Federanisap. Confermati i vertici dell’associazione

Federanisap. Confermati i vertici dell’associazione

Federanisap. Confermati i vertici dell’associazione
Conferma all’unanimità per un secondo mandato 2019-202 per il vertice dell'associazione della sanità privata. A partire dal presidente Mauro Potestio e dal Vicepresidente vicario, Valter Rufini. Conferma anche per l’ufficio di Presidenza composto da Edoardo Mancino e Alberto Flovilla. Il Consiglio ha poi nominato Presidente Onorario Antonio Monti. Impegno per ridurre le liste d'attesa.

In seguito alla scadenza del mandato, il Consiglio Nazionale di FederAnisap (Federazione Nazionale delle Associazioni Regionali o Interregionali delle Istituzioni Sanitarie Private), riunitosi la scorsa settimana, ha confermato all’unanimità per un secondo mandato 2019-2023, il Presidente, Mauro Potestio, il Vicepresidente vicario, Valter Rufini, e l’ufficio di Presidenza composto da Edoardo Mancino e Alberto Flovilla.

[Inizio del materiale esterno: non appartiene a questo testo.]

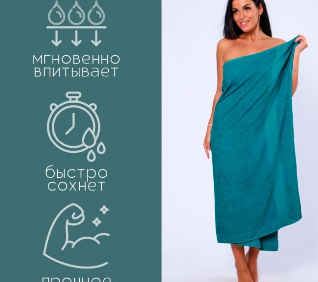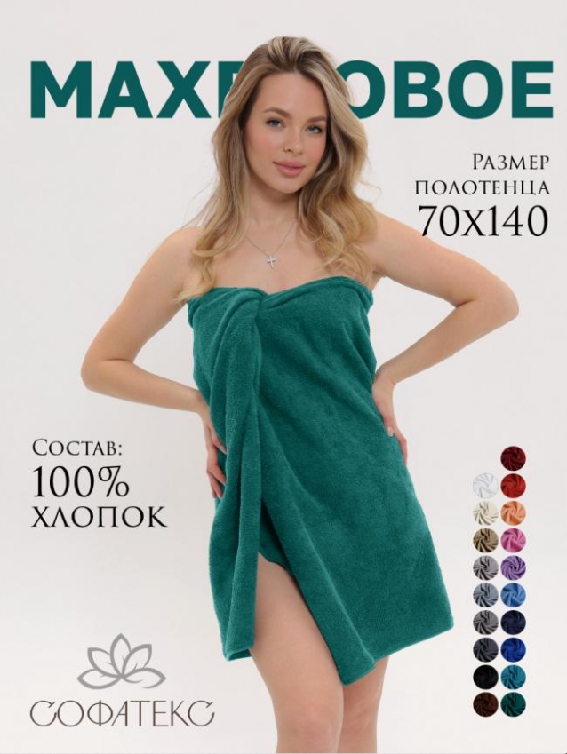 Полотенце махровое банное большое Софатекс 70 * 140 для ванной и бани bs (Темно-зеленый) 3 фото
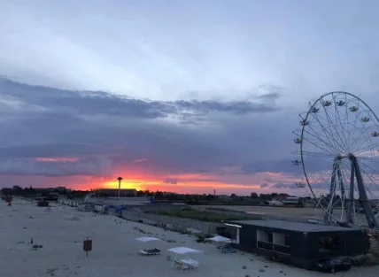 Даже очень популярные в Лазурном места — колесо обозрения у моря и памятный знак с которым многие фотографировались — пребывают в запустении.
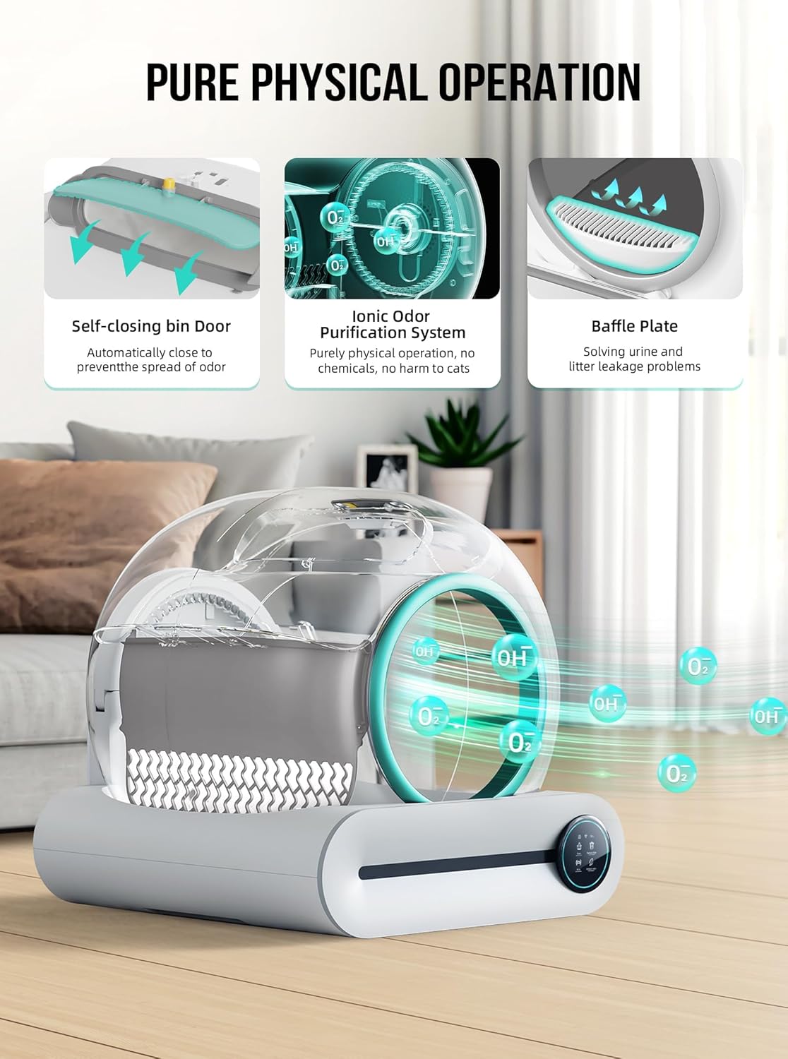- Ventajas clave: Reduce el olor y el desorden, mejora la salud de los gatos al mantener la arena limpia.
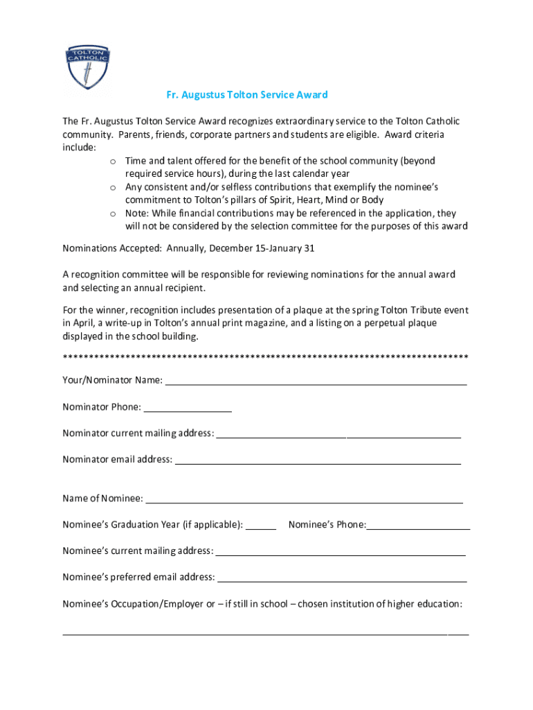 Get the free PDF Fr. Augustus Tolton Service Award - Fr. Tolton Catholic High School
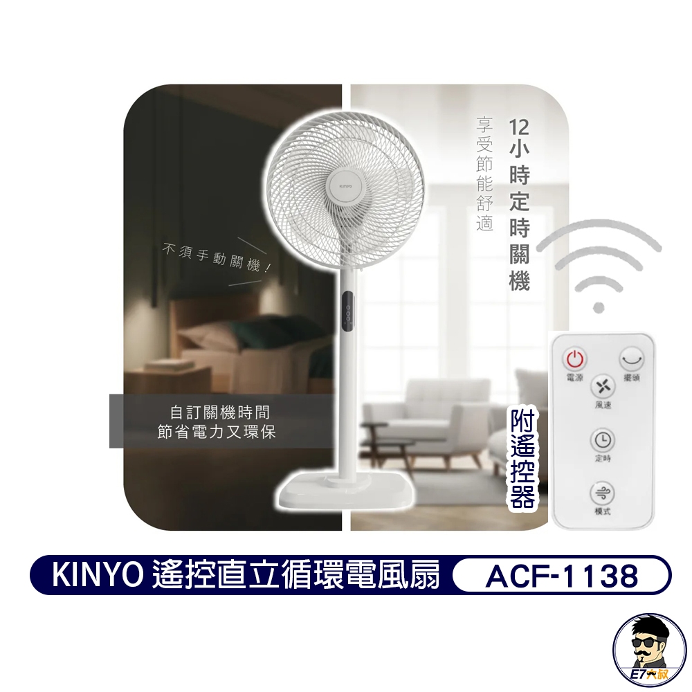 免運 KINYO 電子遙控 14吋 直立循環電風扇 遙控定時 附遙控器 ACF-1138【E7大叔】全新品CoolingE7uncle 3C智能選物館

Il Consiglio ha poi nominato Presidente Onorario Antonio Monti.
 
Successivamente sono state analizzate le problematiche della Sanità e sono state concordate le linee di indirizzo sulle quali FederAnisap dovrà svolgere la sua azione, riassumibili nei seguenti punti:
1) incrementare l’incisività dell’azione delle sedi regionali di Anisap, tenendo conto sia dei cambiamenti che sono avvenuti nelle varie realtà regionali (creazioni di reti fra varie strutture, di cooperative, di gruppi che sono diventati proprietari di più strutture), che delle grandi differenze sia normative che di efficienza che caratterizzano il Sistema Sanitario nelle varie Regioni. La finalità di queste nostre azioni, sia a livello regionale che nazionale, sarà quella di puntare ad ottenere la massima omogeneità fra le varie regioni sia a livello normativo ma, soprattutto, nell’erogazione delle prestazioni in modo che possano esser soddisfatte le esigenze di tutti i cittadini;
 
2) intraprendere confronti in sede Ministeriale affinchè vengano adottati provvedimenti che mirino a raggiungere gli obiettivi enunciati nel punto 1;
 
3) proseguire nell’azione già intrapresa, sia con la disponibilità alla massima collaborazione sia con proposte che tengano conto realisticamente della realtà esistente, per raggiungere l’obiettivo che porti ad una reale riduzione delle liste d’attesa. Piena disponibilità a collaborare sulle azioni strutturali che mirano a incidere sia sulla domanda che sull’offerta delle prestazioni, che dovrebbe portare, anche se non in tempi rapidissimi, alla parità fra domanda e prestazioni erogate. Contemporaneamente aumenterà il nostro impegno a ribadire, con forza, che le azioni strutturali, una volta raggiunta la parità fra domanda e offerta, potranno evitare ulteriori aumenti delle liste d’attesa, ma non potranno ridurre le liste attualmente esistenti, che potranno essere abbattute solo con un intervento straordinario finalizzato per un determinato periodo, che consenta di erogare un numero di prestazioni, che sicuramente porterà ad una riduzione delle liste d’attesa attuali;
 
4) proseguire nell’azione intrapresa per collaborare con il MISE (Ministero dello Sviluppo Economico) sui decreti attuativi della legge Gelli Bianco, portando avanti le richieste che mirano a riconoscere che le nostre strutture hanno caratteristiche diverse rispetto a quelle di ricovero per quanto riguarda i rischi;
 
5) proseguire nelle azioni intraprese a sostegno dell’assistenza integrativa e a cercare di uniformare le procedure amministrative con i vari soggetti che operano in questo settore;
 
6) porre un particolare impegno al rinnovo del contratto di lavoro per i nostri dipendenti.